La richiesta di oscuramento dei canali Rai non esime dall’obbligo di pagare il canone. Lo ha chiarito la Corte di Cassazione annullando una decisione della Commissione Tributaria del Lazio che aveva accolto il ricorso di un contribuente. Il servizio pubblico, insomma, non è assimilabile a una televisione privata, non c’è abbonamento, si tratta di un vero e proprio tributo. In particolare la sesta sezione civile di piazza Cavour (sentenza n. 1922) ha accolto il ricorso dell’Agenzia delle Entrate contro la sentenza che aveva annullato una cartella per omesso pagamento del canone dal 2007 al 2008.

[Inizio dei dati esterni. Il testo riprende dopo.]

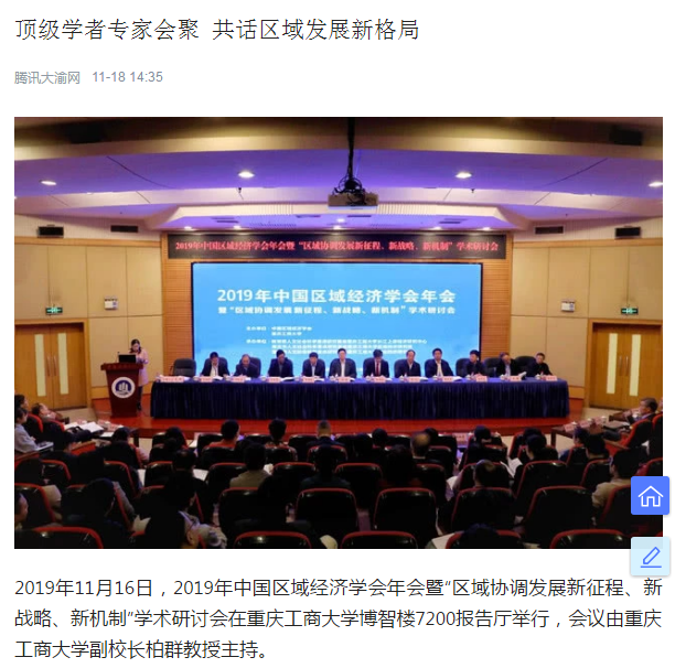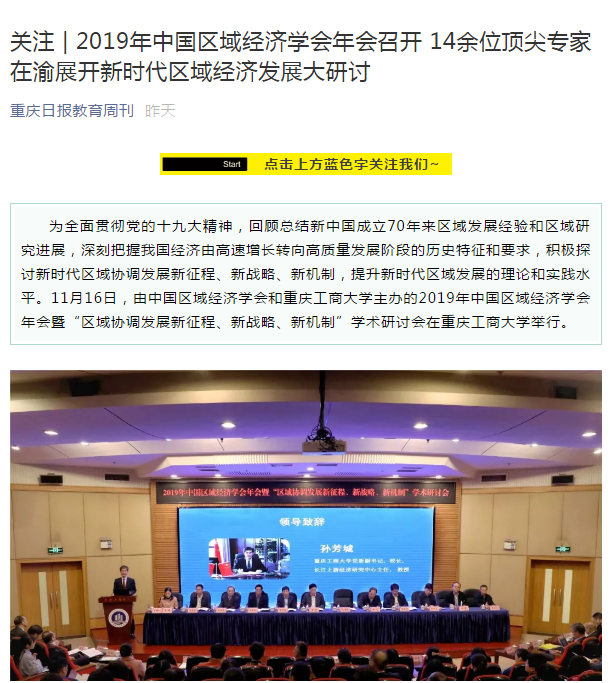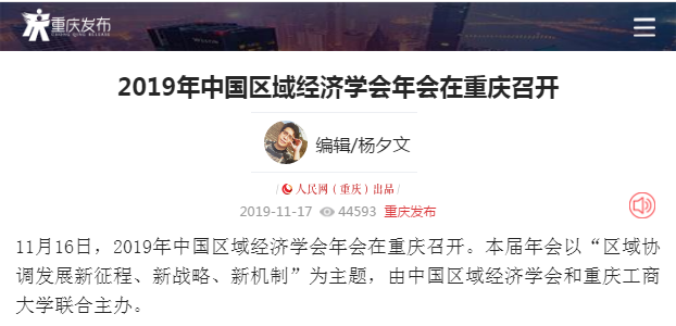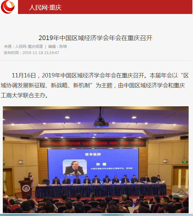2019年11月15日-16日,2019年中国区域经济学会年会暨“区域协调发展新征程、新战略、新机制”学术研讨会在KY开元召开,来自中国社会科学院、武汉大学、四川大学、中央民族大学、湖南大学、西南财经大学、中央财经大学、湖北省社会科学院、河南省社会科学院等各地科研院所、高校、党校行政学院、政府机构和企业的专家学者、政府官员及媒体记者共300多人参加了本次研讨会,并邀请了《中国工业经济》《中国高校社会科学》《改革》《经济学家》《当代经济研究》《财经科学》《经济纵横》《经济与管理研究》《宏观质量研究》《软科学》《经济与管理评论》《区域经济评论》《西部论坛》多家学术期刊参会交流。本次年会由中国区域经济学会、KY开元集团官网主办,由教育部人文社会科学重点研究基地KY开元集团官网长江上游经济研究中心、重庆市人文社会科学重点研究基地KY开元集团官网区域经济研究院、重庆市人文社会科学重点研究基地KY开元集团官网产业经济研究院承办,由中国社会科学院西部发展研究中心、重庆市区域经济学会、区域经济评论杂志社、改革杂志社、《西部论坛》编辑部协办。

Secondo la Commissione Tributaria, il canone non sarebbe dovuto perché nel 2002 il contribuente aveva richiesto l’oscuramento delle reti Rai: il giudice di merito aveva ritenuto fondata la tesi anche perché non contestata puntualmente in giudizio dall’Agenzia.
La Cassazione, citando una precedente decisione delle Sezioni Unite (n. 24010 del 2007) ha ribadito che il canone Rai “non trova la sua ragione nell’esistenza di uno specifico rapporto contrattuale che leghi il contribuente all’Ente, la Rai, che gestisce il servizio pubblico radiotelevisivo, ma costituisce una prestazione tributaria fondata sulla legge e non commisurata alla possibilità effettiva di usufruire del servizio” e che “la richiesta di oscuramento dei canali Rai non rientra nel novero dei fatti esistintivi dell’obbligo di pagamento”. Ragione per cui, la Commissione Tributaria del Lazio dovrà ripronunciarsi, attenendosi a tale principio.